The list above is not exhaustive, many mothers and fathers experience a wide range of responses. It might be more subtle than what is listed above, you may feel as if you are just “off,” but you can’t get a grasp on what exactly is the issue. Or you may see other new parents, seemingly content and grounded, while you feel unmoored. You might feel as if you are behind a glass, separate from the world and wondering what is wrong with you.

I will say, nothing is wrong with you, these are natural states of post traumatic stress. The trauma is “sitting” within your nervous system, waiting to be attended to but still active in your life.

Your nervous system might have been very efficient and sufficiently buried the trauma so well you can’t access it for years. Maybe it has been decades and now you are ready to tip toe up and look at the trauma that has been suppressed because it is surfacing in a new way. This is very normal with trauma. Whether it has been days or years I can help be a witness as your healing occurs.

The Healing Frequencies I work with reach areas of the nervous system affected by trauma. As life force that was kept in suppression is freed and reintegrated, harmony and wholeness can be restored. Symptoms will begin to lift. In our sessions, when you are ready (after receiving supportive healing) you will be invited to drop into your body and feel emotions that were not safe to feel previously. It is helpful to return to and honor what could not be processed and attended to at the time.

Your nervous system protected you from these emotions but they want to be returned to, as they still exist and are active within you. While in a safe container of Healing Frequencies they can be felt with support. This way the energy becomes alchemized and flow and freedom can be restored.

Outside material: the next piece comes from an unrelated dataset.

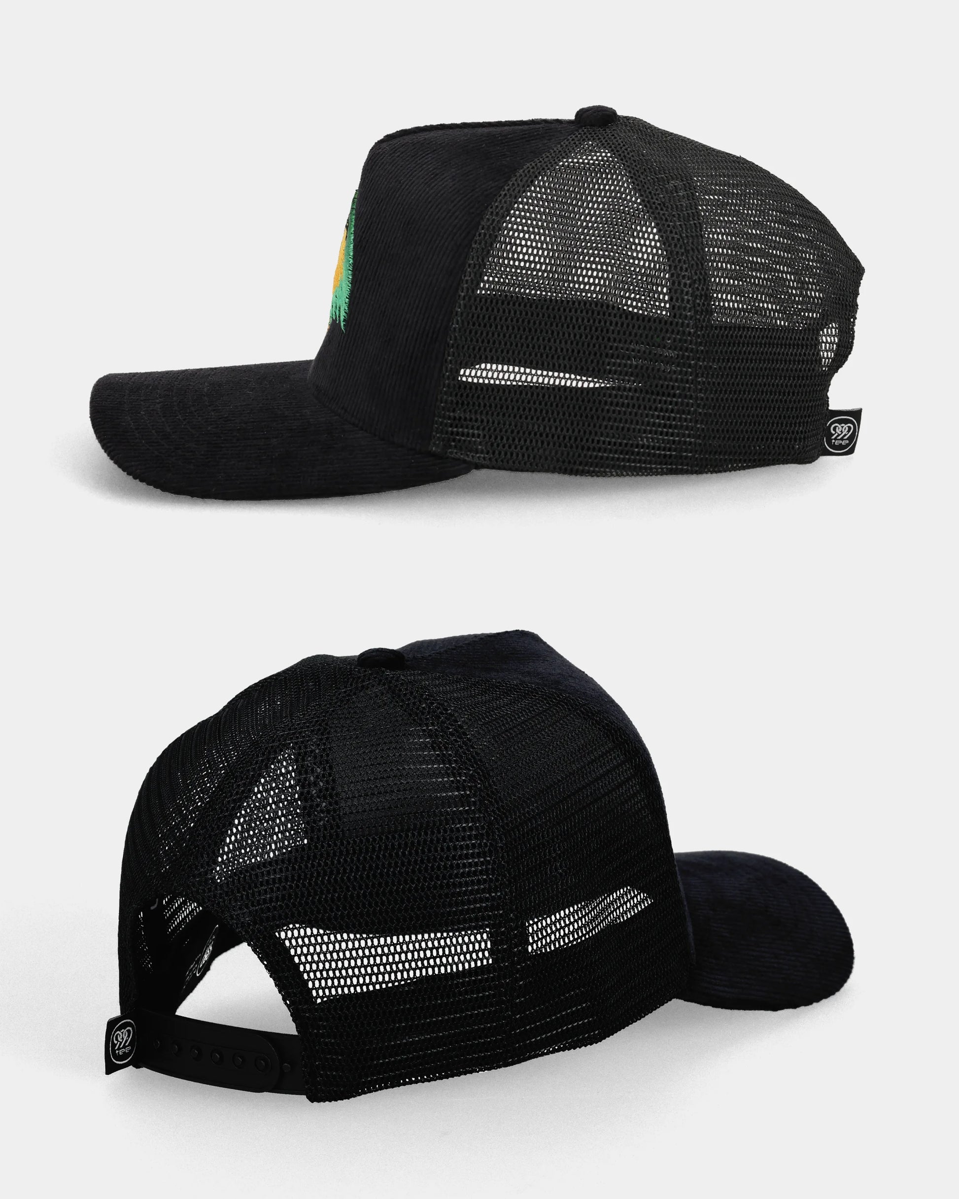 Escape to the tropics with the Tropical Breeze Trucker Cap. This classic black trucker cap features a vibrant parrot design with a gradient color palette, all brought to life with 3D puff embroidery. Crafted from premium corduroy, this cap offers both style and comfort.

Whether you believe it or not you have everything you need within your heart center, your belly, and your soul. The path of your healing is within your bodily cells. I can help facilitate this while you either rest or participate as you are able, revisiting your story and emotions.

I am here to be a witness and a conduit of beautiful frequencies that are intimately aware of and understand all birthing issues, frequencies that can clear the snags in your nervous system, break up solidified emotional density and shower love on all the difficult and ugly bits.

I am sorry such a difficult time was twinned with the profoundly sacred moment of your baby’s birth. Whether you gave birth days ago or decades ago freedom is available. I look forward to meeting you at the doorway.